Reaction to Horkheimer and Adorno
Transcript of Reaction to Horkheimer and Adorno
PM Fiction ADMBurns 20 February 1994Response to Horkheimer/Adorno
These people are paranoid. Digging deep into the notion of Donald Duck as analog
to the proletariat is a fundamentally paranoid way of looking at these things.
Mickey Rooney does not neccesarily mean the end of art, the death of the
individual. Betty Boop is neither more nor less culturally significant than any of
Disney’s characters. The idea that popular culture will kill high art is alarmist and
arrogant. Jazz is a freedom, not a slavery, and it does not pollute “higher” forms of
music. Hierarchies in general, I think, are paranoid, since they give the low end
reason to suspect a loss of control, and give the higher end a reason to suspect
revolution. Adorno and Horkheimer are no exception to this. They, as critics of
high art, are naturally fearful of a lower art that is more difficult to critique.
Contrary to what they suggest, lower art forms are not plots executed by masters;
they are means of empowerment for those who are traditionally robbed of a culture
of their own. Adorno, as a Marxist, is too quick to see the persecution of the proles
in all the texts he reads. Were he a little more relaxed, a little more open-minded,
he might enjoy the comedy of Donald Duck, rather than look for dialectics.
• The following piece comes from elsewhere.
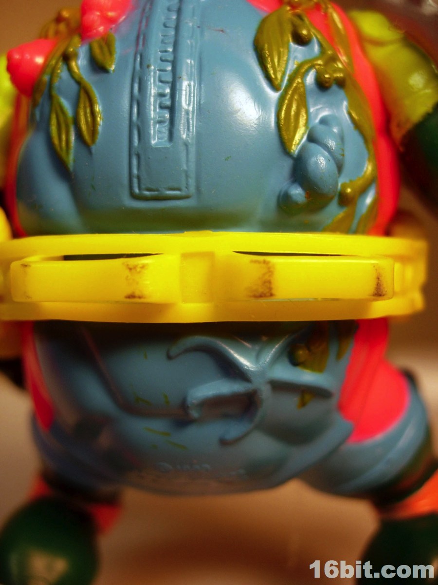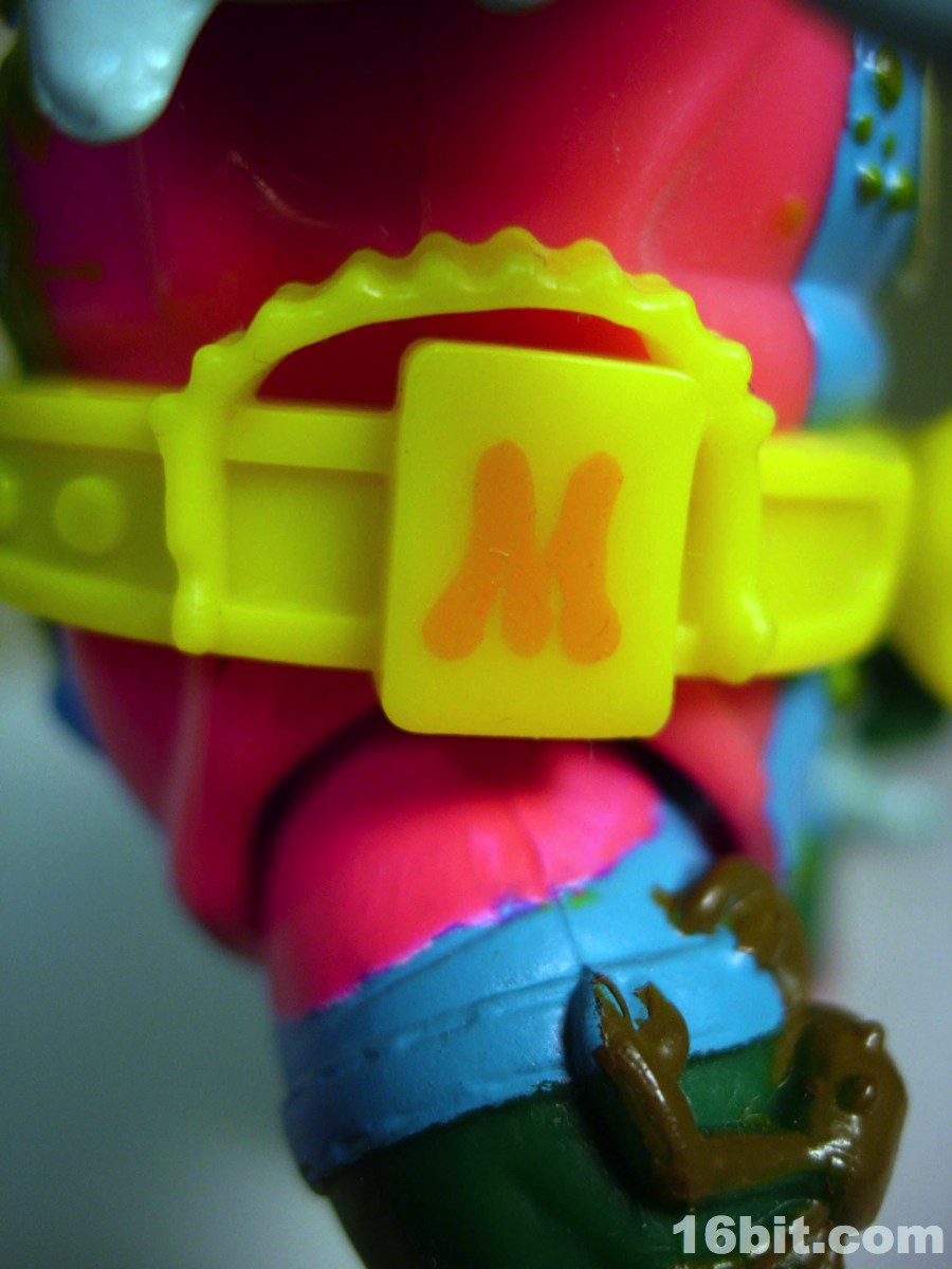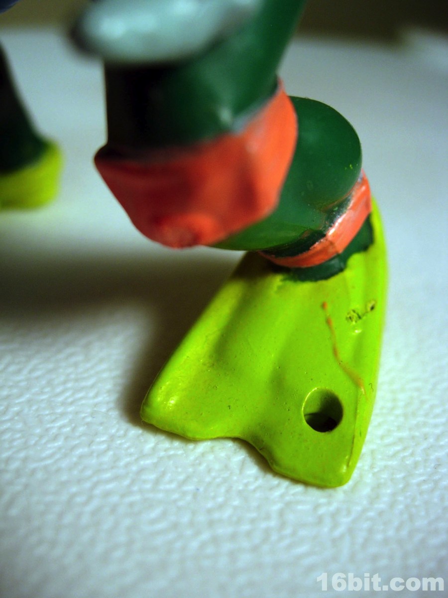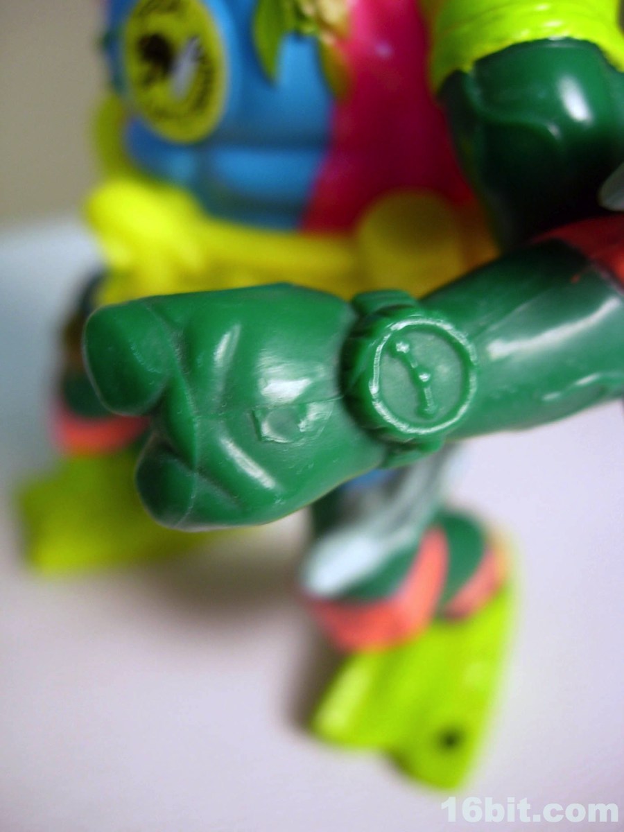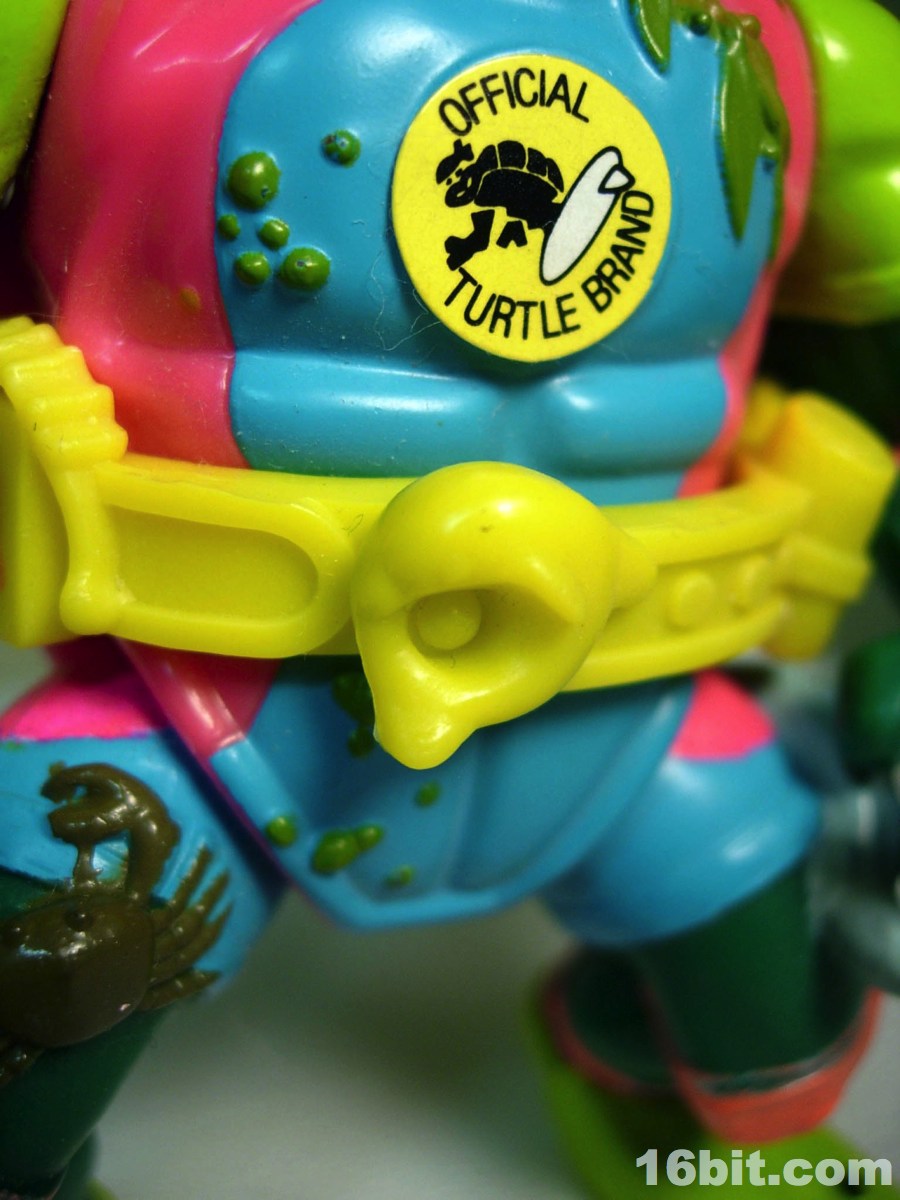 When I bought this as a kid-- and yes, this is the sample I got when I was 10-- I knew it was dumb but I wanted the set anyway. I believe Mike was the hardest of the four to find, and looking at it for the first time in over a decade, I'm not sure why it was so hot. His trademark orange bands are now crazy day-glo orange, and if you shine a black light over them you might go blind. He wears a partial wet suit, made of pink and bright blue. An "Official Turtle Brand" sticker was applied to his chest, and I'm actually pretty amazed it's still there. I'm not entirely sure why he has swim fins on, but he does, and there are tons of little sculpted details all over the figure. Some, like seaweed, add some visual flair to the figure. Others, like his little shark buddies, make absolutely zero sense to me.

The ills of technology, according to Adorno and Horkheimer, are related to the
commodification of culture. The culture industry, they argue, reproduces flat
copies of art already achieved, or it modifies the art with some kitsch variation such
as jazz. This collapses the aesthetic sensibility of millions into a single,
unquestioning taste for whatever the industry puts forward. Such a sweeping idea,
put in the form of this sytem, is also paranoid. The masters are not in complete
control of either art or the masses.
Adorno and Horkheimer believe the culture industry can take away indiviudual
identity. “The public is catered for with a hierarchical range of mass-produced
products of varying quality, thus advancing the rule of complete quantification.
Everybody must behave (as if spontaneously) in accordance with his previously
determined and indexed level, and choose the category of mass product turned out
for his type” (123) The pair fails to realize that no one is holding a gun to the head
of the consumer. To the contrary, manufacturers provide a wide array of choices,
perhaps marketed to certain tastes, but certainly not bland or without variation.
Their argument that “mechanically differentiated products prove to be all alike in
the end,” whether an types of automibiles or movies does not work. Too many
choices, made available by too many companies, as a practical matter, eliminate the
possibility. Products differ beyond their marketing campaigs. Certain cars run
better, certain movies offer more enjoyment.